Driver code。下面看最复杂的驱动代码。分解为两部分讨论：第一个job和第二个job。第一个job解析命令行参数创建合适的输入输出目录。创建的临时目录会在job链的最后由驱动代码删掉。

Notice:输出目录名字附加一个string作为中间输出目录。这在大多数情况下是合适的，但如果对中间目录有一个命名约定来避免冲突会更好。Job提交时如果输出目录已经存在，job将不会启动。

public static void main(String[] args) throws Exception {
    Configuration conf = new Configuration();
    Path postInput = new Path(args[0]);
    Path userInput = new Path(args[1]);
    Path outputDirIntermediate = new Path(args[2] + "_int");
    Path outputDir = new Path(args[2]);
    // Setup first job to counter user posts
    Job countingJob = new Job(, "JobChaining-Counting");
    countingJob.setJarByClass(JobChainingDriver.class);
    // Set our mapper and reducer, we can use the API's long sum reducer for
    // a combiner!
    countingJob.setMapperClass(UserIdCountMapper.class);
    countingJob.setCombinerClass(LongSumReducer.class);
    countingJob.setReducerClass(UserIdSumReducer.class);
    countingJob.setOutputKeyClass(Text.class);
    countingJob.setOutputValueClass(LongWritable.class);
    countingJob.setInputFormatClass(TextInputFormat.class);
    TextInputFormat.addInputPath(countingJob, postInput);
    countingJob.setOutputFormatClass(TextOutputFormat.class);
    TextOutputFormat.setOutputPath(countingJob, outputDirIntermediate);
    // Execute job and grab exit code
    int code = countingJob.waitForCompletion(true) ? 0 : 1;
   。
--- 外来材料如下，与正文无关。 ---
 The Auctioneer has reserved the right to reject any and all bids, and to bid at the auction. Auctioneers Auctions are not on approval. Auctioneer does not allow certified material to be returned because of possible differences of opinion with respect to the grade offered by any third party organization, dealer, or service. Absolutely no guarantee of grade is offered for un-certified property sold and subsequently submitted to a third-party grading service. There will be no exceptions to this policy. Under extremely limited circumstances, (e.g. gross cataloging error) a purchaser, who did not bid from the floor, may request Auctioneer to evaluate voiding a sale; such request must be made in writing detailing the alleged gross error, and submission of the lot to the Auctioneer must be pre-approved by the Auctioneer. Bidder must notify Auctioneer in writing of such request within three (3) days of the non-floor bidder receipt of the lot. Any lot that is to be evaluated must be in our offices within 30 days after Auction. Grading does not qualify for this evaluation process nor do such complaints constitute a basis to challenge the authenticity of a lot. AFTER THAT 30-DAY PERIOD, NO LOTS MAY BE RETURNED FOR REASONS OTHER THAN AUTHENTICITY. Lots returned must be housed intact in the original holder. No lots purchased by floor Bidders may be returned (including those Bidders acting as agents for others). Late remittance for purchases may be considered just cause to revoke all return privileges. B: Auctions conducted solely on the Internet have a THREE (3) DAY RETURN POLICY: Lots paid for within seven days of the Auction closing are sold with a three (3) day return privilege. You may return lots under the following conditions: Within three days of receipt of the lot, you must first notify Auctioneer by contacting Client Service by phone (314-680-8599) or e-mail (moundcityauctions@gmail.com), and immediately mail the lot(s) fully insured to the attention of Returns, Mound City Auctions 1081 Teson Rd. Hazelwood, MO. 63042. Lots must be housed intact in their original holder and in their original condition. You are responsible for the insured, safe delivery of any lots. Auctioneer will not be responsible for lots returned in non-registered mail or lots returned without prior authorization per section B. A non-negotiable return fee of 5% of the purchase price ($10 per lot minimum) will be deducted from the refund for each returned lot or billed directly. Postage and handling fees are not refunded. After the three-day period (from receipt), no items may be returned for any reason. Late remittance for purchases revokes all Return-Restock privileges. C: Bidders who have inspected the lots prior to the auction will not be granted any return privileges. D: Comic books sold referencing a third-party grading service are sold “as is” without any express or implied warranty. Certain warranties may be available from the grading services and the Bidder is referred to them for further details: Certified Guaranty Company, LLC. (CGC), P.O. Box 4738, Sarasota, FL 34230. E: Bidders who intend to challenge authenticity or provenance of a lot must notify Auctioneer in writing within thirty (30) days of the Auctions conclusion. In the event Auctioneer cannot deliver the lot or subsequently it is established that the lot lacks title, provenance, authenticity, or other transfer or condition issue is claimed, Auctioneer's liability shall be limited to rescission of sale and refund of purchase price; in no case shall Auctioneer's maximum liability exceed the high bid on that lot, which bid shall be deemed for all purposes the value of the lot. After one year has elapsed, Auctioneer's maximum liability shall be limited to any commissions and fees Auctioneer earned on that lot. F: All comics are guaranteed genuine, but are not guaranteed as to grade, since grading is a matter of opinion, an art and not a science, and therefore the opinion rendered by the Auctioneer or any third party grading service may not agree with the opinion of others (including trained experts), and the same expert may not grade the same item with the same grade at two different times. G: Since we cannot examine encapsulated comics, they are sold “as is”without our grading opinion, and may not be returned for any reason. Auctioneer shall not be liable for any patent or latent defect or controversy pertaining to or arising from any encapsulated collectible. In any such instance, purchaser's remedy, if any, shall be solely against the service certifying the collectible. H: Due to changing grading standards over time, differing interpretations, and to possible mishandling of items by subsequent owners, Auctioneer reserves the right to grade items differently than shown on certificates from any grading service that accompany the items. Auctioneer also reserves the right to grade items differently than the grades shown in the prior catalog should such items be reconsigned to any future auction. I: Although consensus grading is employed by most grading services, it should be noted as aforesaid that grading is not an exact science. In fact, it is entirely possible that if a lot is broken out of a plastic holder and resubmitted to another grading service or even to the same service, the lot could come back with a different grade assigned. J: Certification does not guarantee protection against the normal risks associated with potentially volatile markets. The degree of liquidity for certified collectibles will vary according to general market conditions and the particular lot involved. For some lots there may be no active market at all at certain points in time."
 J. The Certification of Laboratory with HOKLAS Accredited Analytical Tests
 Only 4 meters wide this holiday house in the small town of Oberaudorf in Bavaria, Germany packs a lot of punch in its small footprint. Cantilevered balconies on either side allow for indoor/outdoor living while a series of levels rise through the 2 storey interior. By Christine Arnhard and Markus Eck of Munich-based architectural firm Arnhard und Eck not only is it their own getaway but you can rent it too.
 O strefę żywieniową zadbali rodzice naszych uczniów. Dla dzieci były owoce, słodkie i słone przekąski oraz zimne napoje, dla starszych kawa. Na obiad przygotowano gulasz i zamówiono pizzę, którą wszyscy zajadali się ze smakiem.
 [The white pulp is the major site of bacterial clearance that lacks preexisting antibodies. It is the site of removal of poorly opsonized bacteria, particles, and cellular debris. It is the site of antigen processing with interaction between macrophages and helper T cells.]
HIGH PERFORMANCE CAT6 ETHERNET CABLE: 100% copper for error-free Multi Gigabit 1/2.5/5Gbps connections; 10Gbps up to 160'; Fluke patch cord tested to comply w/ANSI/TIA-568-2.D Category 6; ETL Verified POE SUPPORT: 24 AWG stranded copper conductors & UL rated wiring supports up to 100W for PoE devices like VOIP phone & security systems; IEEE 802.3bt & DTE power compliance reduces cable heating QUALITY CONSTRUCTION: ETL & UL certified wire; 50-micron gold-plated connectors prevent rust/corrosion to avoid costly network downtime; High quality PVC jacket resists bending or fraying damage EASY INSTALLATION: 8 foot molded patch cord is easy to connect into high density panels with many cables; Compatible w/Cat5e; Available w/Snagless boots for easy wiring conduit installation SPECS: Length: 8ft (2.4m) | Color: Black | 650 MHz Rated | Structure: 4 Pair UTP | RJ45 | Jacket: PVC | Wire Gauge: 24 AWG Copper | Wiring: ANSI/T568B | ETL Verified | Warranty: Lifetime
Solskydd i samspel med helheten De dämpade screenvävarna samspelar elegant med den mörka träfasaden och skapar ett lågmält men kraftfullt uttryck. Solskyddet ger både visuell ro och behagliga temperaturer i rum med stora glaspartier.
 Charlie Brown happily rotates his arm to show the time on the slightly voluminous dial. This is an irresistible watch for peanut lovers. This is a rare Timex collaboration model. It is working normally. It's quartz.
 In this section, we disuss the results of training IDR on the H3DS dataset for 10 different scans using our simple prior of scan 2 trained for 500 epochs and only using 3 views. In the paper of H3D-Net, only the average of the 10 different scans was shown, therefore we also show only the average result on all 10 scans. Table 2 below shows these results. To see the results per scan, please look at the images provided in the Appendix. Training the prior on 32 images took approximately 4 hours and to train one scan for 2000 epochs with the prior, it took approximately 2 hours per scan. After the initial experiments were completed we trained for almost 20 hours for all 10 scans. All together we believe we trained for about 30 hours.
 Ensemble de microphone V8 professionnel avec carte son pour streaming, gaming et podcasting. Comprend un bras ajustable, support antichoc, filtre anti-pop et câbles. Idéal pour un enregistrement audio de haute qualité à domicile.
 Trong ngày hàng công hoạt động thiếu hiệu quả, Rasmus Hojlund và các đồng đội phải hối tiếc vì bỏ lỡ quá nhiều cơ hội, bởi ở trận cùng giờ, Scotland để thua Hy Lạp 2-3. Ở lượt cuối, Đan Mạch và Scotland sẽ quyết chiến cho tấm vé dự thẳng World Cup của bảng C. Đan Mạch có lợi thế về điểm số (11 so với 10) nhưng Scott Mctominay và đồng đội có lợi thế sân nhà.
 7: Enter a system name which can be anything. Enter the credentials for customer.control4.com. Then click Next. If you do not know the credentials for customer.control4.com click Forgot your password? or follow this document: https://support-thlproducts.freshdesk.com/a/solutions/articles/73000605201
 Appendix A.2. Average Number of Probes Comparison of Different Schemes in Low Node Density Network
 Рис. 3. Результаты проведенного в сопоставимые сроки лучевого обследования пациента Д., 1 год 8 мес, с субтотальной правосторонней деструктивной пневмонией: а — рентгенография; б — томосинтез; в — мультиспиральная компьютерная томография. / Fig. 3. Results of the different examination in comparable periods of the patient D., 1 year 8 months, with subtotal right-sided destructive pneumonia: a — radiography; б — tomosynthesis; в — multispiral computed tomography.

。。

执行第二个job之前要检测第一个job是否成功。这看起来足够简单，但对于更复杂的job链，检测是比较烦人的。第二个job配置之前，从第一个job抽取代表平均发帖数的计数器的值，加到job配置里。然后设置mapper并禁用reducer阶段。另外的关键部分要注意的是MultipleOutputs和DistributedCache的配置。然后job执行

最后，最终要的是成功或失败，中间输出目录被清除。这是一个重要并经常被忽视的阶段。留下中间输出目录会很快的填满集群，需要你手动删除这些目录。不需要的就删掉。

if (code == 0) {
    // Calculate the average posts per user by getting counter values
    double numRecords = (double) countingJob
    .getCounters()
    .findCounter(AVERAGE_CALC_GROUP,
    UserIdCountMapper.RECORDS_COUNTER_NAME).getValue();
    double numUsers = (double) countingJob
    .getCounters()
    .findCounter(AVERAGE_CALC_GROUP,
    UserIdSumReducer.USERS_COUNTER_NAME).getValue();
    double averagePostsPerUser = numRecords / numUsers;
    // Setup binning job
    Job binningJob = new Job(new Configuration(), "JobChaining-Binning");
    binningJob.setJarByClass(JobChainingDriver.class);
    // Set mapper and the average posts per user
    binningJob.setMapperClass(UserIdBinningMapper.class);
    UserIdBinningMapper.setAveragePostsPerUser(binningJob,
    averagePostsPerUser);
    binningJob.setNumReduceTasks(0);
    binningJob.setInputFormatClass(TextInputFormat.class);
    TextInputFormat.addInputPath(binningJob, outputDirIntermediate);
    // Add two named outputs for below/above average
    MultipleOutputs.addNamedOutput(binningJob,
    MULTIPLE_OUTPUTS_BELOW_NAME, TextOutputFormat.class,
    Text.class, Text.class);
    MultipleOutputs.addNamedOutput(binningJob,
    MULTIPLE_OUTPUTS_ABOVE_NAME, TextOutputFormat.class,
    Text.class, Text.class);
    MultipleOutputs.setCountersEnabled(binningJob, true);
    TextOutputFormat.setOutputPath(binningJob, outputDir);
    // Add the user files to the DistributedCache
    FileStatus[] userFiles = FileSystem.get(conf).listStatus(userInput);
    for (FileStatus status : userFiles) {
    DistributedCache.addCacheFile(status.getPath().toUri(),
    binningJob.getConfiguration());
    }
    // Execute job and grab exit code
    code = binningJob.waitForCompletion(true) ? 0 : 1;
    }
    // Clean up the intermediate output
    FileSystem.get(conf).delete(outputDirIntermediate, true);
    System.exit(code);

Parallel job chaining

并行job链的驱动跟前面例子的相似。唯一大的改进是jobs被并行提交然后监控它们直到完成。本例中的两个job是独立的（当然，用到了前面例子的输出）。这增加了更好利用集群资源的好处，能同时运行两个job。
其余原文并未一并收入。